这是算法导论的DP入门题，重新整理一下引入的思路。
基本的recusive写法：

int cut_rod (vector<int>& p, int n) {
	if (n == 0) return 0;
	int q = INT_MIN;
	for (int i = 1; i <= n; i++) {
		q = max(q, p[i] + cut_rod(p. n - i));
	}
	return q;
}

这个例子就很好的体现了引入DP的意义，当我们普通的divide and conquer或者recursion出现大量的重复子问题的时候，对这些计算过的子问题进行存储就很有必要。

int Memoized_cut_rod (vector<int>& p, int n) {
	vector<int> r(n, INT_MIN); // recording
	r[0] = 0;
	return Memoized_cut_rod_helper(p, n, r);
}
int Memoized_cut_rod_helper (vector<int>& p, int n, vector<int>& r) {
	if (r[n] >= 0) return r[n];
	int q = INT_MIN;
	for (int i = 1; i <= n; i++) {
		q = max(q, p[i] + Memoized_cut_rod_helper(p, n - i, r));
	}
	r[n] = q;
	return r[n];
}

也可以换种写法：

int bottom_up_cut_rod (vector<int>& p, int n) {
	vector<int> r(n, INT_MIN);
	r[0] = 0;
	for (int j = 1; j <= n; j++) {
		int q = INT_MIN;
		for (int i = 1; i <= j; i++) {
			q = max(q, p[i] + r[j - i]);
		}
		r[j] = q;
	}
	return r[n]; 
}

extended： how to reconstruct the solution for the maximum revenue.
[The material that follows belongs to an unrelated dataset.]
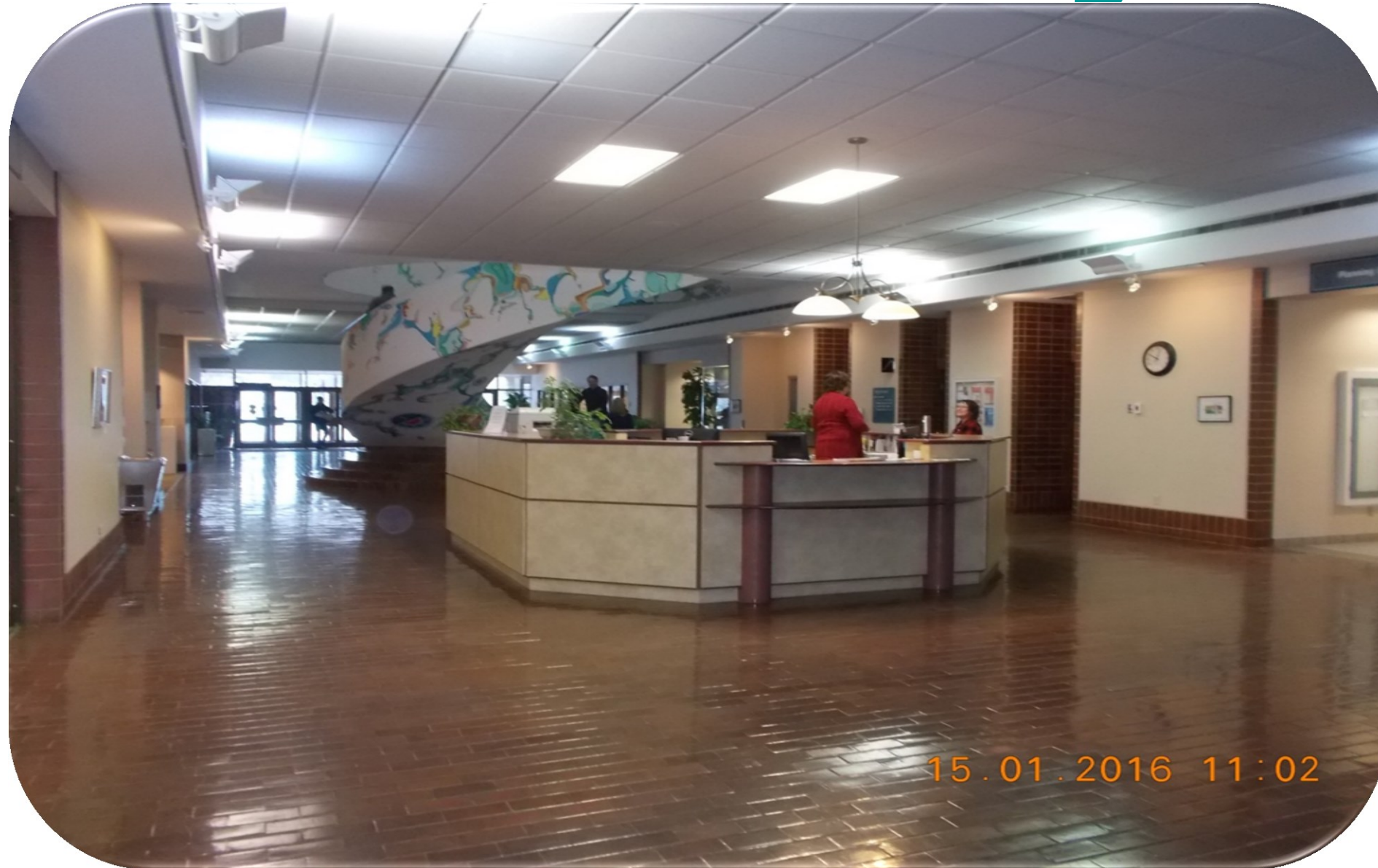
Existing interior of facility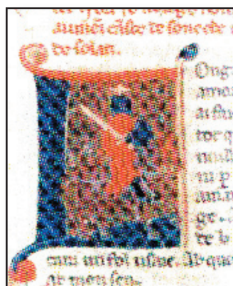
In this illuminated capital “L” we see a depiction of Peire de Meinsac, whose vida is written in the rubric above. The song that begins with this “L” is “Longa Sazon.”

int Extended_bottom_up_cut_rod (vector<int>& p, int n, vector<int>& s) {
	vector<int>& r(n, INT_MIN);
	r[0] = 0;
	for (int j = 1; j <= n; j++) {
		int q = INT_MIN;
		for (int i = 1; i <= j; i++) {
			if (q < p[i] + r[j - i]) {
				r[j] = q;
				s[j] = i;
			}
		}
	}
	return r[n];
}